Faire de la philosophie pratique, c’est utiliser des distinctions conceptuelles pour mieux comprendre les enjeux du management. Je vais ici vous en donner un exemple, qui m’est venu suite à divers expériences d’accompagnement des projets de changements organisationnels.
En philo, on travaille à différencier les mots. On se demandera ainsi quelle est la différence entre un outil et un instrument. Oui, très bien… Mais quel rapport avec le changement organisationnel, me direz-vous ?
Eh bien, le rapport, c’est la manière dont un dirigeant aborde le changement organisationnel. Soit il pense que le principal levier de transformation, c’est l’organigramme. Dans ce cas, il voit celui-ci comme un outil. Pour Aristote, l’outil (organon), c’est un moyen en vue d’une fin. Quand je prends un marteau pour planter un clou, le marteau ne compte que par le résultat qu’il permet d’atteindre. Sa valeur tient seulement dans son utilité. Si on fait le parallèle avec l’organigramme, on dira que celui-ci est un moyen au service du changement. Il amènera chaque acteur à endosser un rôle inédit, à occuper une nouvelle place, à accomplir des activités différentes. Dans ce cas, les dirigeants auront une approche qu’on qualifiera de gestionnaire, voire d’utilitaire de l’organigramme. Pur moyen d’organiser les ressources et les compétences, il n’a de valeur qu’au service d’un projet défini préalablement. Le schéma est classique : on construit une fin (un objectif visé, une intention) qui s’incarne souvent en un projet d’établissement ou de service. Ensuite, on rassemble et on organise les moyens pour le réaliser (ex. Une GPEC : Gestion Prévisionnelle des Emplois et des Compétences, une refonte des fiches de poste, etc.). L’avantage : on donne du sens, on met de la cohérence dans l’organisation. Le risque : on peut trop attendre de l’organigramme, y voir un couteau suisse qui, bien utilisé, suffirait à faire fonctionner l’organisation.

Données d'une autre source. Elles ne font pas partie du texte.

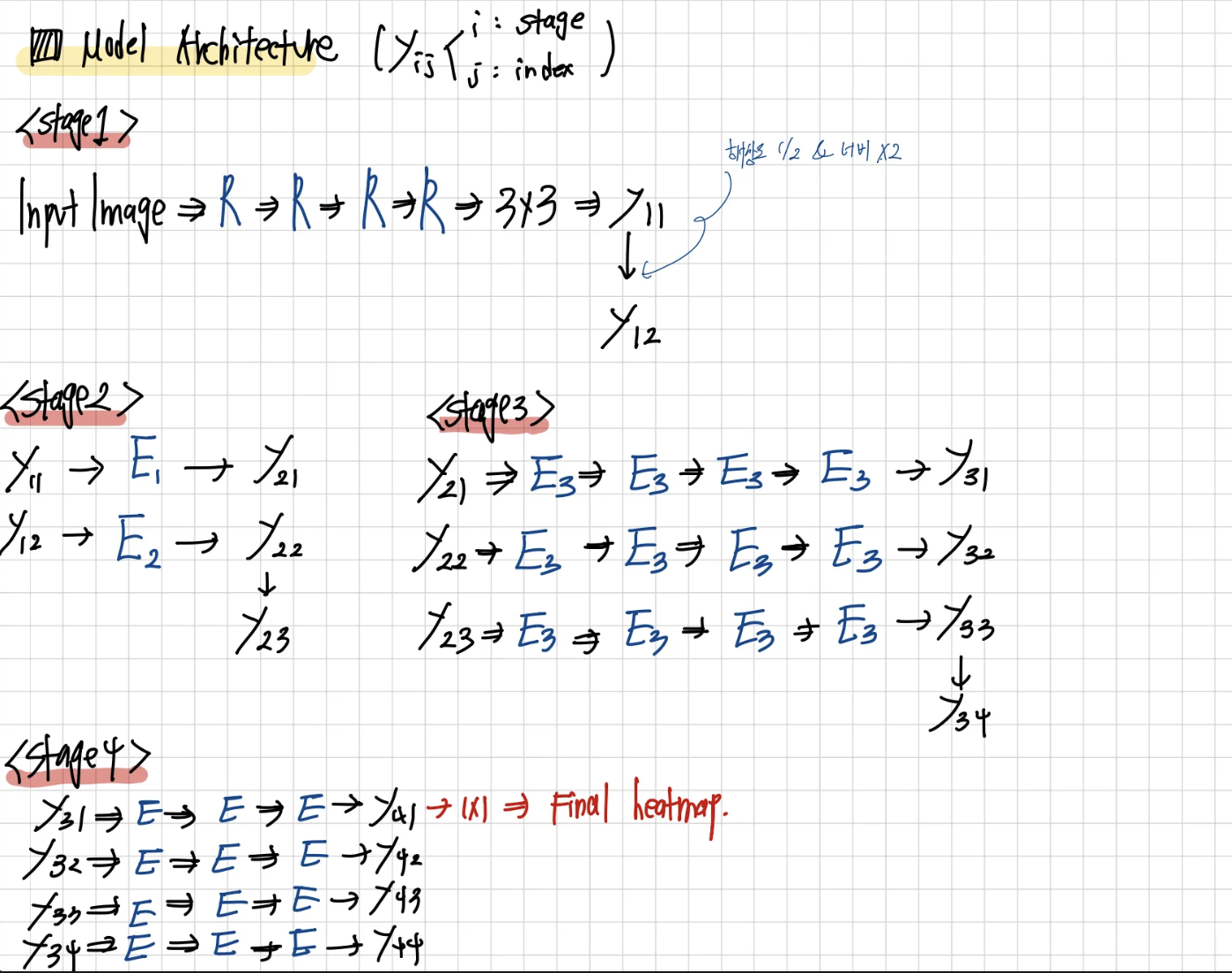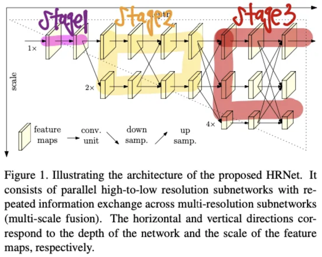 여기서 Nij 로 표현되는데, j가 동일한 경우 동일한 해상도를 갖는 subnetwork임을 의미합니다. 그리고 i는 각각의 스테이지를 의미합니다. 이러한 구조를 통해서 고해상도의 공간적 정보를 유지하면서도 동시에 저해상도의 특징을 융합하여 정밀도를 높히는데 기여할 수 있습니다.

Autre chemin : concevoir l’organigramme comme un instrument. Oubliez le marteau qui vous casse les oreilles ! Pensez plutôt à l’instrument de musique. Considérez le musicien qui fait corps avec sa guitare, sa flûte, son piano. Ce n’est pas l’objet qui produit tout seul de la musique, il le fait seulement lorsqu’il est mis en mouvement par le corps d’un être humain. C’est le musicien qui le rend vivant. Qu’est-ce que ça serait que de voir l’organigramme comme un instrument ? Cela demanderait au dirigeant de ne jamais le considérer comme l’aboutissement du processus de changement. A chaque instant de sa mise en œuvre, il faut jouer de l’organigramme. Il est l’instrument qui permet d’interpréter la partition. Et si on est bon musicien, on ne se contente pas de lire la partition, mais on y met son style, sa touche personnelle. Que nous dit cette image ? Que le dirigeant gagne à écouter les résonances de l’organigramme quand il est « joué » : être attentif à ce qui sonne juste, aux couacs, aux silences,… bref, accompagner la manière dont chacun des acteurs joue de cet instrument. Avantage : l’organigramme n’est qu’un levier du changement organisationnel. Il ne dispense pas les acteurs d’être inventifs, agiles, et même parfois iconoclastes lorsqu’ils doivent improviser ! Rien de pire qu’un organigramme sacralisé, où chacun doit rentrer dans une boîte mal taillée. Inconvénient : on n’en a jamais fini de mettre l’organigramme sur le métier, il faudra toujours rester en veille, le faire bouger. Cela limite le temps d’appropriation nécessaire pour les équipes qui en finissent par ne plus savoir qui fait quoi.
En résumé, il ne s’agit d’opposer les deux. Pas non plus de dresser les bricoleurs contre les musiciens ! Les deux approches sont importantes. Il suffit juste de les avoir en tête pour ne pas confondre changement organisationnel et changement d’organigramme.